A small aside: a definition like the one you have given is attractive because it is very general. However, I cannot escape the feeling that it purposefully ignores the fact that permutations are, well, a combinatorial problem. This is something we already know! This is not a criticism, just an observation.

As to the real question: how to move forward? Well, one way is to provide as much knowledge about the problem we are declaring to the computer.

The best attempt I know of to really solve the problem is presented in the books co-authored by Alexander Stepanov, "Elements of Programming" and "From Mathematics to Generic Programming". I am sadly not up to the task of summarizing (or even fully understanding) everything in these books. However, the approach there is to define efficient (or even optimal) library algorithms and data structures, under the provision that all relevant properties of the input are known in advance. The final result is:

Each well-defined transformation is a a refinement of the constraints that are already in place (the properties that are known);
We let the computer decide which transformation is optimal based on the existing constraints.

As to why it hasn't quite happened yet, well, computer science is a really young field, and we are still coping with truly appreciating the novelty of most of it.

To give you a taste of what I mean by "refining the implementation": take for example the easy problem of getting the last element of a list, in Prolog. The canonical declarative solution is to say:

last(List, Last) :-
    append(_, [Last], List).

Here, the declarative meaning of append/3 is:

List1AndList2 is the concatenation of List1 and List2

Since in the second argument to append/3 we have a list with only one element, and the first argument is ignored (the underscore), we get a split of the original list which discards the front of the list (List1 in the context of append/3) and demands that the back (List2 in the context of append/3) is indeed a list with only one element: so, it is the last element.

The actual implementation provided by SWI-Prolog, however, says:

last([X|Xs], Last) :-
    last_(Xs, X, Last).

last_([], Last, Last).
last_([X|Xs], _, Last) :-
    last_(Xs, X, Last).

This is still nicely declarative. Read top to bottom, it says:

The last element of a list only makes sense for a list of at least one element. The last element for a pair of the tail and the head of a list, then, is: the head, when the tail is empty, or the last of the non-empty tail.

The reason why this implementation is provided is to work around the practical issues surrounding the execution model of Prolog. Ideally, it shouldn't make a difference which implementation is used. Similarly, we could have said:

last(List, Last) :-
    reverse(List, [Last|_]).

The last element of a list is the first element of the reversed list.

If you want to get your fill of inconclusive discussions about what is good, declarative Prolog, just go through some of the questions and answers in the Prolog tag on Stack Overflow.

Outras dicas

Logical languages already do this. You can define sort similarly like you are doing it.

The main problem is performance. Computers might be great at computing lots of stuff, but they are inherently dumb. Every "clever" decision a computer might make was programmed into it by a programmer.
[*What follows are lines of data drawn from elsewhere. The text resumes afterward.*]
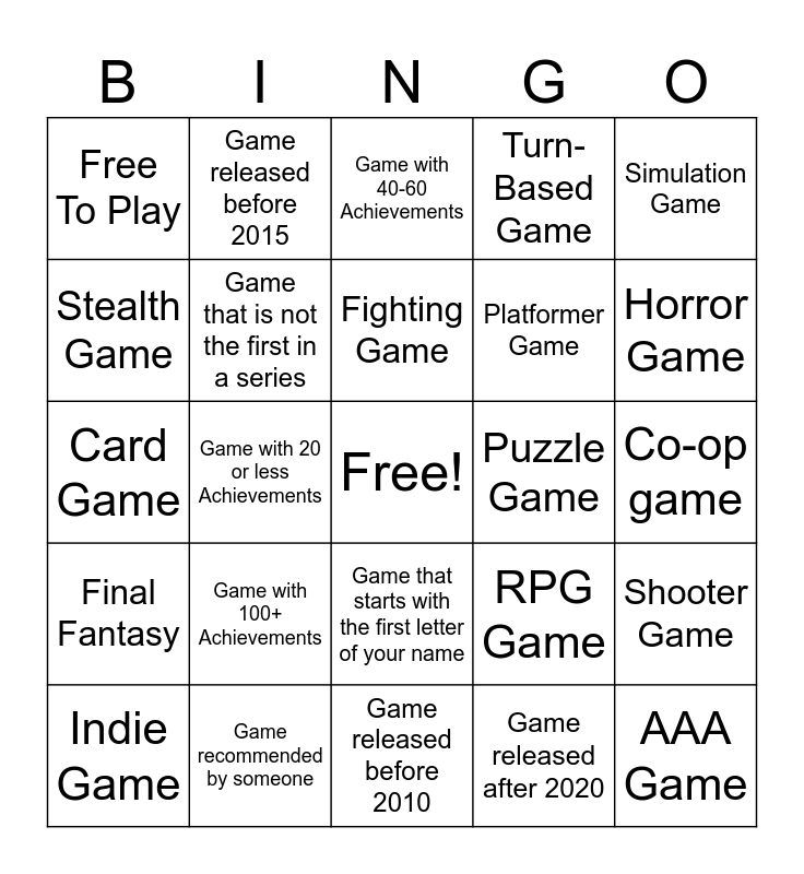 This bingo card has a free space and 24 words: Game with 100+ Achievements, Game recommended by someone, Fighting Game, Indie Game, Simulation Game, Free To Play, Stealth Game, Game released before 2015, Puzzle Game, Game that starts with the first letter of your name, Platformer Game, Card Game, RPG Game, Shooter Game, Game that is not the first in a series, Game released after 2020, Co-op game, Game with 40-60 Achievements, Horror Game, Game with 20 or less Achievements, AAA Game, Final Fantasy, Turn-Based Game and Game released before 2010.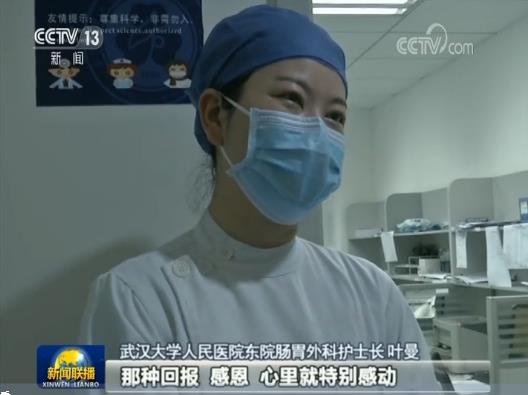 武汉大学人民医院东院肠胃外科护士长 叶曼:突然接收到曾经帮助过的人的回报、感恩,心里就特别感动,就是那种善良的传递,传递下去。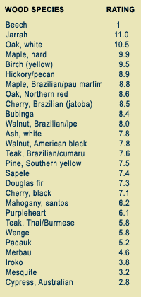 Below is a list of relative hardness for numerous wood species used in flooring. The higher the number the harder the wood. These ratings were determined using the Janka Hardness Test. This should only be used as a general guide when comparing various species of wood flooring. Depending on where the wood is harvested the results may vary + or -. Plank construction and finish are also important factors when determining the durability and ease of maintenance of any wood floor.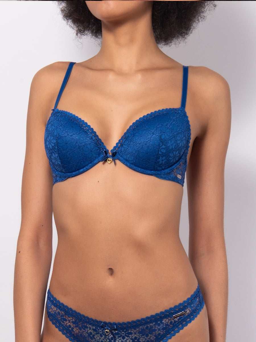 Reggiseno push-up con coppe imbottite, lunette estraibili e ferretto in pizzo - BLU - DL24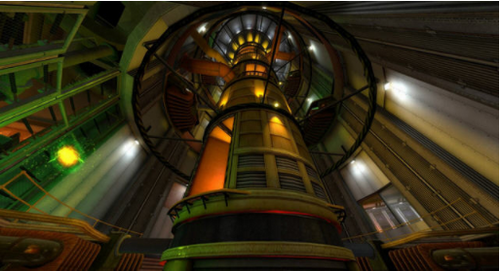 5、从机枪后面上楼,在某个柱子上找到控制器打开后下楼,这时关上的大门已经打开,进去是个导弹发射架,这里每层都有按钮可按,都按了后上梯子。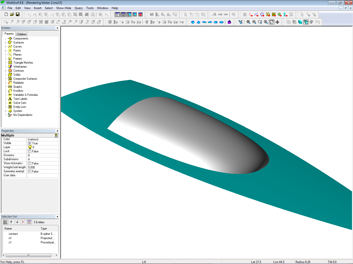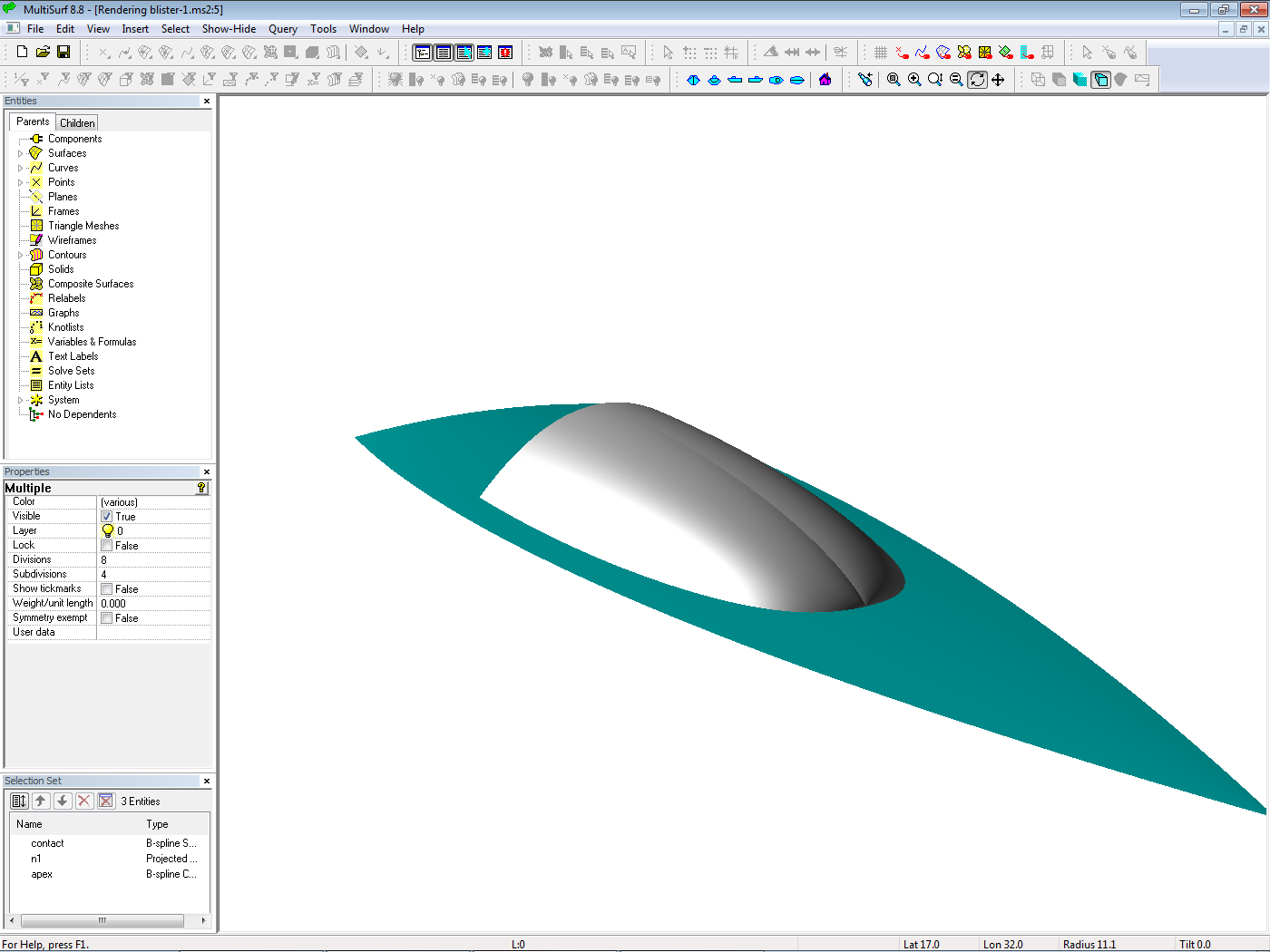 In model blister-1.ms2 a Blister surface is used to create a cabin. It mainly has three supports Snake1 identifies the parent surface and specifies the contact of the blister on that surface. Snake2 is a snake, magnet, or ring on the same surface as Snake1, generally located inside Snake1. Apex is a curve or point entity that specifies the apex of the blister. The Blister surface “softens” the area between the two snakes, bending it upwards until Snake1 touches Apex.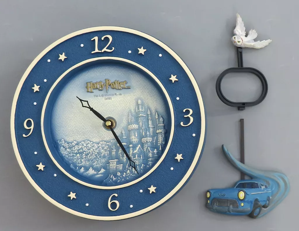商品解説■「ハリー・ポッター」の壁掛け時計です。【商品詳細】付属品:取扱説明書、木ねじ、上振り子、下振り子サイズ:文字盤/直径約25.5cm使用電池:単3乾電池×2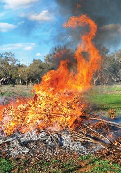 Clear a 10-foot fuelfree buffer around the pile – Make sure there are no tree branches or power lines above.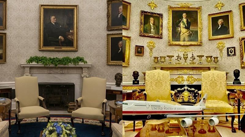 Tramp je po povratku u Bijelu kuću odlučio Ovalni ured urediti u skladu sa svojim ukusom za glamur i raskoš. Plavi Bajdonov tepih zamijenio je Reganovim svjetlijim tepihom sa sunčevim zrakama i simbolom mira. Zidove je pretvorio u galeriju dodajući nove portrete i masivne, dekorativne okvire od zlata. Na mjesto Ruzveltovog portreta postavljen je Džordž Vašington, a kamini su ukrašeni zlatnim urnama i dekorativnim predmetima iz kolekcije Bijele kuće.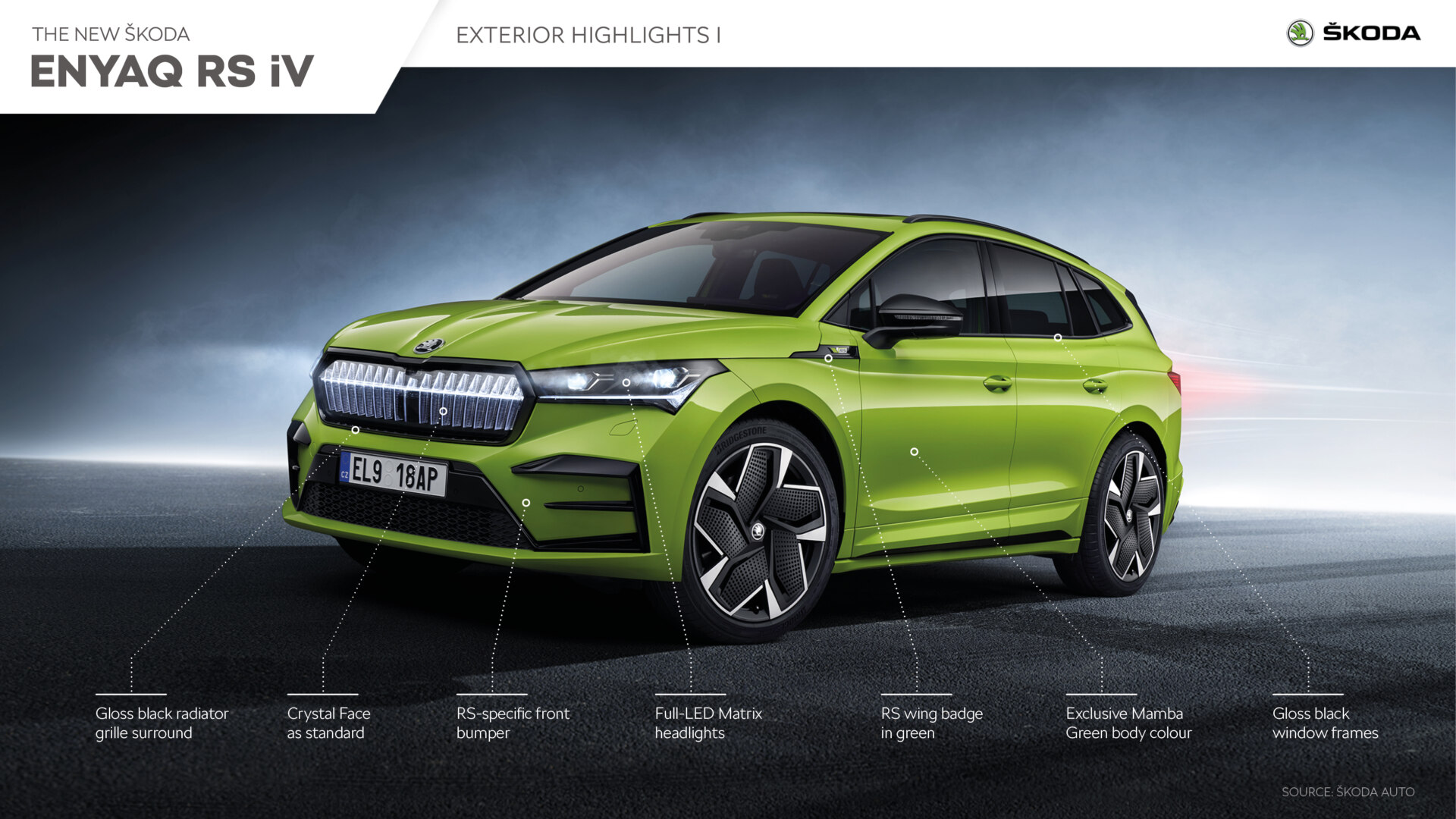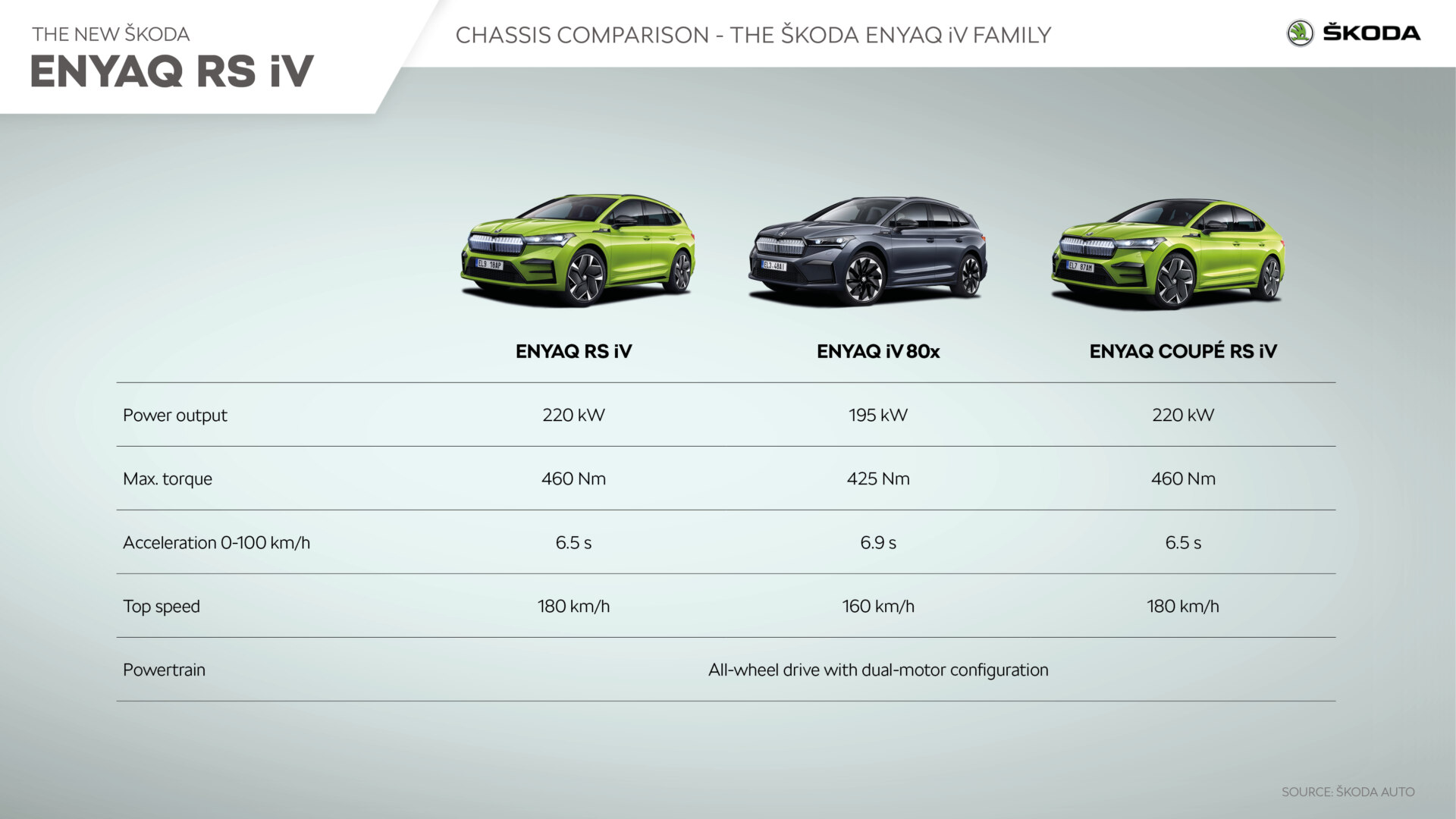 Két villanymotorral és 220 kilowattos, azaz közel 300 lóerős teljesítménnyel bővül a csehek népszerű elektromos modelljének számító Enyaq iV kínálata a kupéváltozat már ismert RS verzióját adaptálva. Az összkerékmeghajtással érkező modell a kínálat legtetejére érkezik, ez lesz a villany-SUV csúcsváltozata, egyben a kupéval együtt a csehek valaha volt legerősebb sorozatgyártott autója. A 82 kWh kapacitású akkucsomaggal és a 0,265-ös alaktényezővel akár 500 kilométer feletti hatótávolságra is képes lehet egyetlen töltéssel a WLTP mérési ciklus szerint.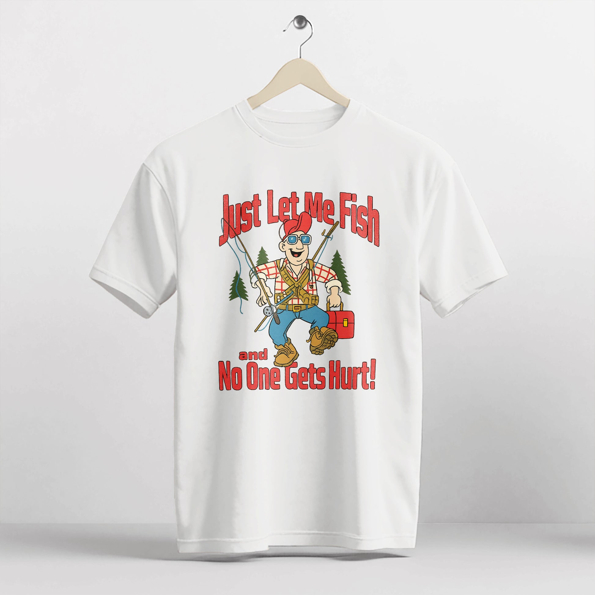 Just Let Me Fish and No One Gets Hurt Fishing Shirt – Funny Angler Tee – Fisherman Humor Gift – White – Up To 5XL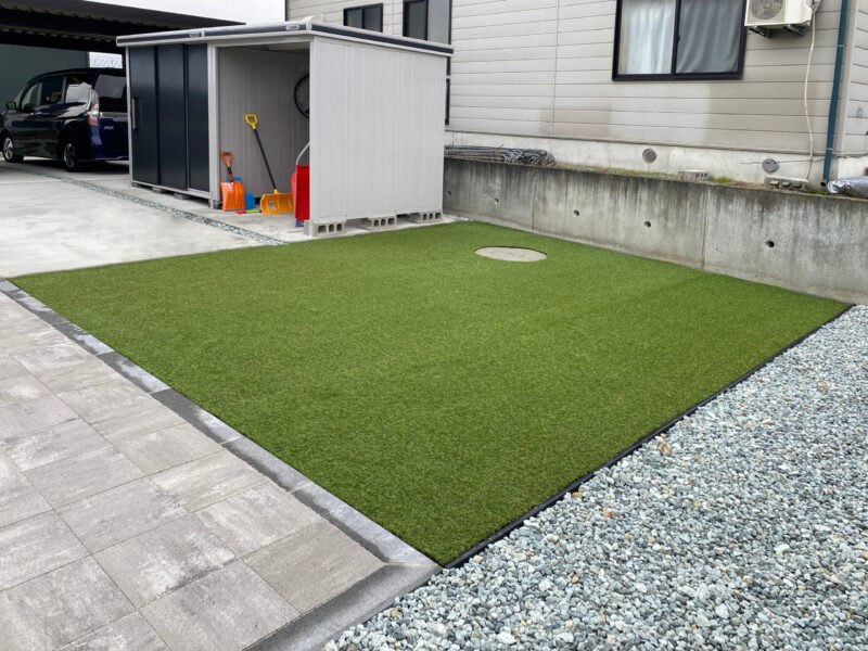 PICK UP WORKS HOME > 施工事例TOP > SimpleNaturalRe-Garden 173.東根市 I様邸 スタイル: SimpleNaturalRe-Garden 家族が喜ぶリガーデン! CoolNaturalSimple before 雑草でお手入れが大変だったお庭。 after コンクリートの舗装材を敷いて手入れの少ない快適なスペースに。 家族でBBQをして楽しめますね。 しっかりと防草シートを施して人工芝を敷けばお子様も安心して遊べます。 将来はシンボルツリーを植えるスペースも前もって確保。 Back Page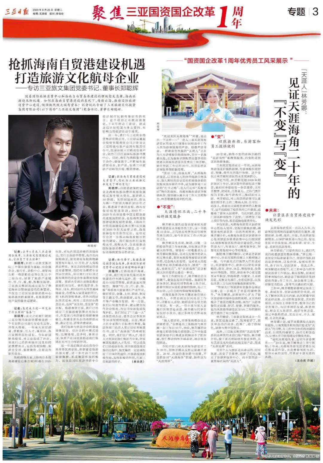 郑聪辉:打铁还需自身硬。一方面,我们充分依托集团现有资源进行市场化运作,进一步提高公司经营管理、融资及盈利等能力。围绕“吃、住、行、游、购、娱”等旅游六要素进行产业布局,做好项目、金融、土地、招商、制度等五篇文章,推动旅游、文化、体育等产业融合发展。另一方面,我们以制度为抓手,建立健全现代企业制度,为公司快速发展保驾护航。我们制定了“三重一大”决策管理办法、董事会议事规则等30余项管理制度。目前,集团正在全面推行目标责任考核,集团各部门负责人签订目标考核责任书,建立“真绩效”的考核制度。同时,我们也广纳人才,吸引人才充实到我们集团当中来,夯实集团发展的人才队伍。可以说我们已经做好准备,在自贸港政策实施的过程中,旅文集团一定会承担好三亚国企的重任,在旅游版块积极布局,发挥积极的作用,扛起三亚旅游的担子。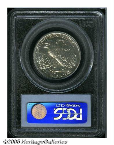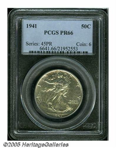 <B>1941<50C> PR66 PCGS.</B></I> Sharply struck with highly reflective fields and a light layer of dappled, milky toning over both sides. The initials of the designer, Adolph Weinman, are missing from their usual location on the lower right reverse, a not unusual feature for 1941 proof Walking Liberty halves from the Philadelphia Mint.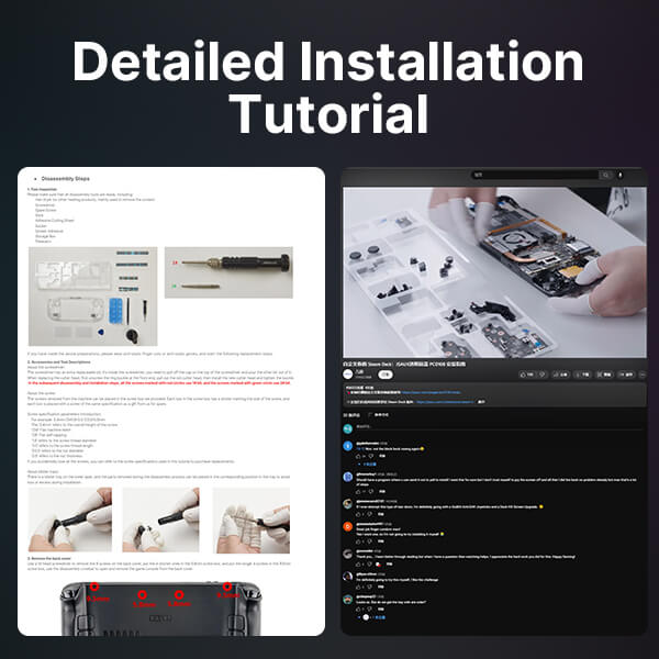 ⚠️Notes: The Transparent Front Cover isn’t recommended for users without experience in DIY and/or disassembling electronic devices. We strongly recommend carefully reviewing the Installation videos and Text if you choose to install it or seek the services of a professional. The user shall bear any equipment malfunction caused by the disassembly of the Steam Deck, but not by this product.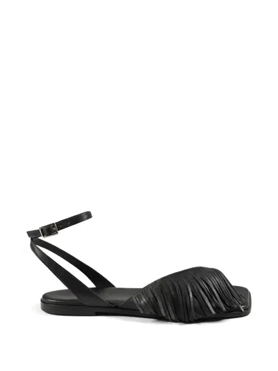 Fringed Flat Sandals In Black

And this decision is usually described not by how the end result looks like, but by how to achieve, step by step, this end result.

Imagine the story of a Golem. If you try to give him an abstract command, then at best, he will do it inefficiently and at worst, will hurt himself, you or someone else. But if you describe what you want in the greatest detail possible, you are guaranteed that task will be completed effectively and efficiently.

It is the programmer's job to decide on what level of abstraction to use. For the application you are making, are you going to go high-level and describe it in abstract way and take the performance hit or go low and dirty, spend 10x more time on it, but get algorithm that is 1000x more performant?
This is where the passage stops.